When Canonical Tags Go Bad

The rel=”canonical” tag has been a Godsend for many of us SEO’s. In case you have been having a real life instead of devoting your time to search here is a quick breakdown of how they are used:

Situation

You have two pages ( blue-widgets.html and pink-widgets.html ). Both of them are identical other than the colour.

Problem

These two pages are duplicates as far as Googlebot is concerned. While duplicate pages don’t actually incur a penalty, it is unclear which should be indexed (and only one will be). The result is generally that they will swap places being in the SERPs while steadily falling in rank. It’s not a penalty, but it sure feels like one if you don’t know what’s happening.

Solution

Adding a rel=”canonical” tag to both pages pointing to just one of them tells Google which one you have a preference for to be indexed. So the solution in this case is to have a tag reading :

<link rel="canonical" href="http://www.example.com/pink-widgets.html" />

and placing it in the <head> section of your site.

Now, when search engines crawl either page they know which to index only the pink-widget.html page. The result is better ranking and no jumping about swapping places.

Rel=”canonical” Doesn’t always work

I’m not talking about improper implementation. I’m assuming that everything is as it should be.

I had a case recently where a site had products as top-level orphans – nearly. The products quite logically belonged in multiple categories. This would result in a situation like in diagram 1 below:

Duplicate content flow chart
Diag.1. Because the path to the product is different we now have duplicate content.

The solution to the diagram above is to place the product as a top level orphan as shown in diagram 2 below:

Top Level Orphans
Diag.2. Now we no longer have duplicate content (unless the category lists only contain one item of course).

The other solution is to chose a single category path and use canonical tags on the product pages to indicate that the product on that path is the one to be indexed.

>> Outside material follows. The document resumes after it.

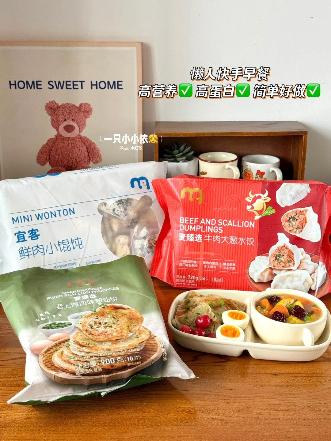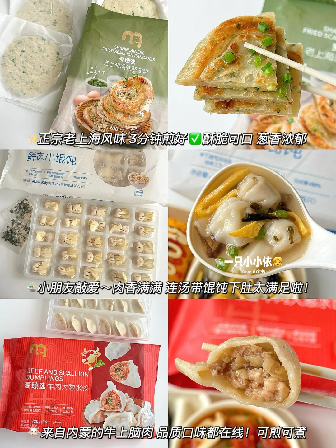 🧚♀️很多妈妈说做早餐总是手忙脚乱,其实除了提前一晚处理好食材,也可以选择一下高营养的速成品哦🥳周末去麦德龙囤了很多懒人早餐,每天多睡20分钟不是梦[哇R]女鹅敲爱麦臻选牛肉大葱水饺,皮薄馅大、肉香扑鼻,煎着吃煮着吃都很棒👍葱油饼是老上海风味的,几分钟就煎好,金黄酥脆、葱香四溢✨宜客鲜肉小混沌鲜香细腻,自带调味包,满满一大盒够全家人分享😋这几个宝藏早餐已经get到全家人的一致好评!而且配料表都很干净,给小朋友食用没有负担🥰姐妹们也可以放心囤哦~

Still doesn’t sound like a problem right? The company in question had implemented the top level orphan method in diagram 2 which would be my preferred method. There would have been no problem if it was not for deciding after that to add in breadcrumbs.

Why were breadcrumbs a problem?

All of a sudden they needed to pass the user route information from cat-1 or cat-2 to prod.html. The most reliable way to do that was to add in the information to the url, so now we had a structure that looked like diagram 1 but with a url structure of “home/prod1.html” on the listing from cat-1 and “home/prod2.html” on the listing from cat-2.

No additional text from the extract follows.